ただ、この年収はあくまで“目安”にすぎない。実際にはさまざまな形態の家族があるため、基準を満たす世帯年収は家族構成によって異なる。日本学生支援機構の「進学資金シミュレーター」で「奨学金選択シミュレーション」を使うと、「給付奨学金」の対象となるかどうかが大まかに調べられる。
新制度「入学金・授業料の減免」がスタート
コロナの影響で家計が急変でも支援
さて、2020年度進学者からは、「給付型奨学金の支給」の要件を満たす家庭では、もう1つの柱である「入学金・授業料の減免」も併せて受けられることになっている。たとえば、中学生の弟妹がいる4人家族で年収270万円までの世帯の例では、以下の額が減免される。

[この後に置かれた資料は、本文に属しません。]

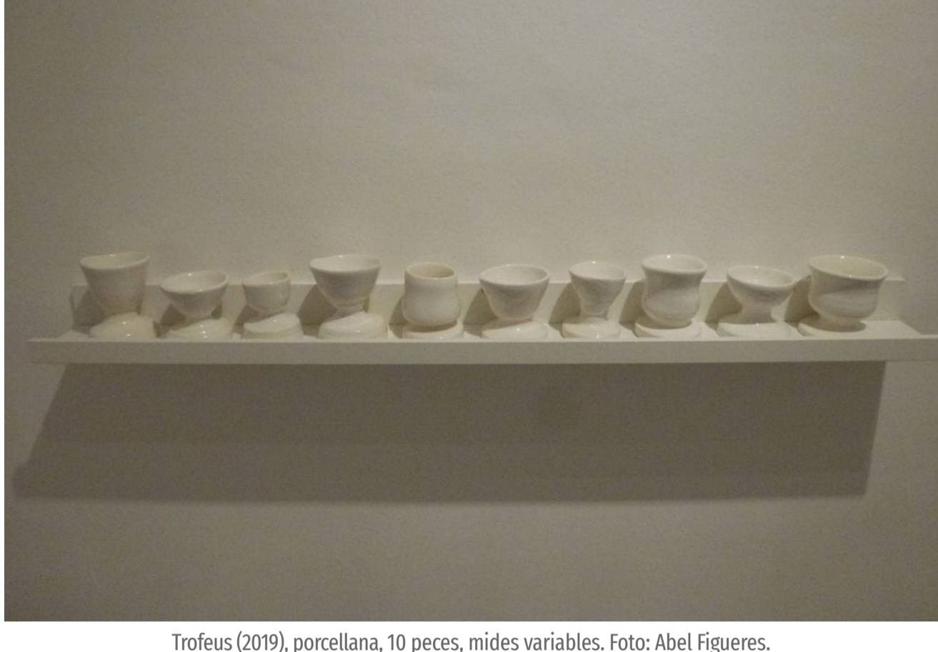
Trofeus (2019), porcellana, 10 peces, mides variables.

Trofeus és una obra formada per 10 peces de petites dimensions situades sobre un prestatge. Totes són blanques, però no n'hi ha cap d'igual. És una sèrie que es planteja una forma general semblant, però que mai es repeteix de la mateixa manera, totes les peces tenen el seu caràcter individualitzat, totes tenen alguna particularitat que les distingeix de les altres. L'aspecte genèric recorda una mena de copa o petit recipient i no amaga una certa imperfecció artesana que ens les fa més humanes, més properes, més íntimes. Probablement són totes aquestes coses les que donen a aquesta obra múltiple el seu sentit més metafòric i carregat de connotacions.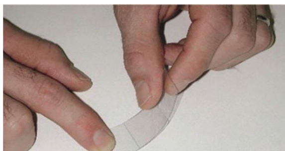
شکل ۲- نوارچسب حذف (۳۱)

Kammer و همکاران تکنیک نوار چسب حذف را برای اندازه‌گیری مواجهه پوستی با پایرن و بنزو آ پایرن مورد استفاده قرار دادند. آنها غلظت‌های معینی از بنزو آ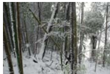
4515_延年竹切り【博物館】007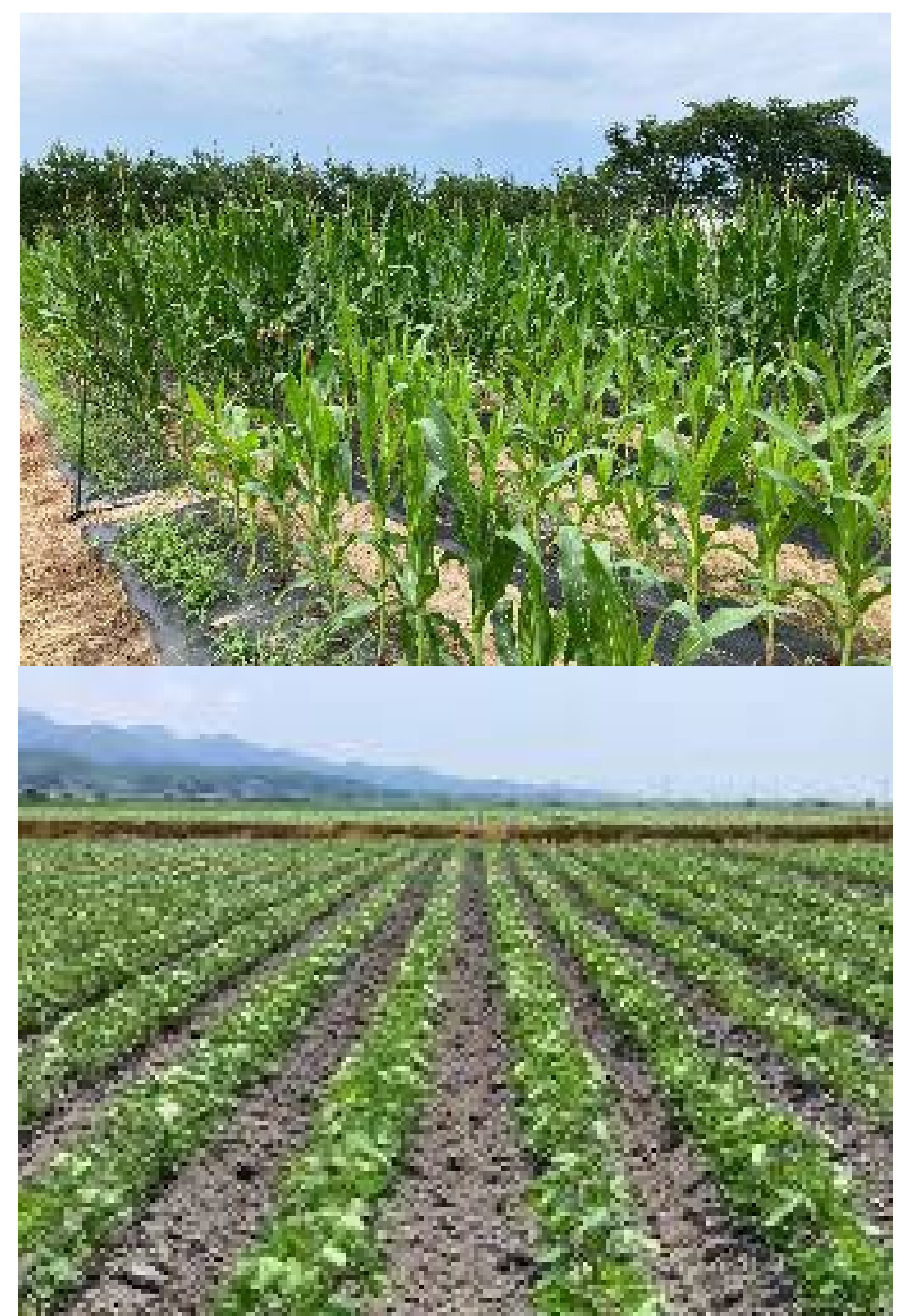
汚泥肥料の特性把握のための 栽培試験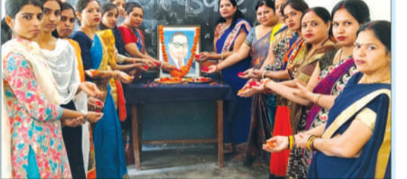
बाबा साहब की जयंती मनाती शिक्षिकाएं।

・大学 国公立 約28万円(入学金)+約54万円(授業料)
・大学 私立 約26万円(入学金)+約70万円(授業料)
・短期大学 国公立 約17万円(入学金)+約39万円(授業料)
・短期大学 私立 約25万円(入学金)+約62万円(授業料)
・高等専門学校 国公立 約8万円(入学金) +約23万円(授業料)
・高等専門学校 私立 約13万円(入学金)+約70万円(授業料)
・専門学校 国公立 約7万円(入学金) +約17万円(授業料)
・専門学校 私立 約16万円(入学金)+約59万円(授業料)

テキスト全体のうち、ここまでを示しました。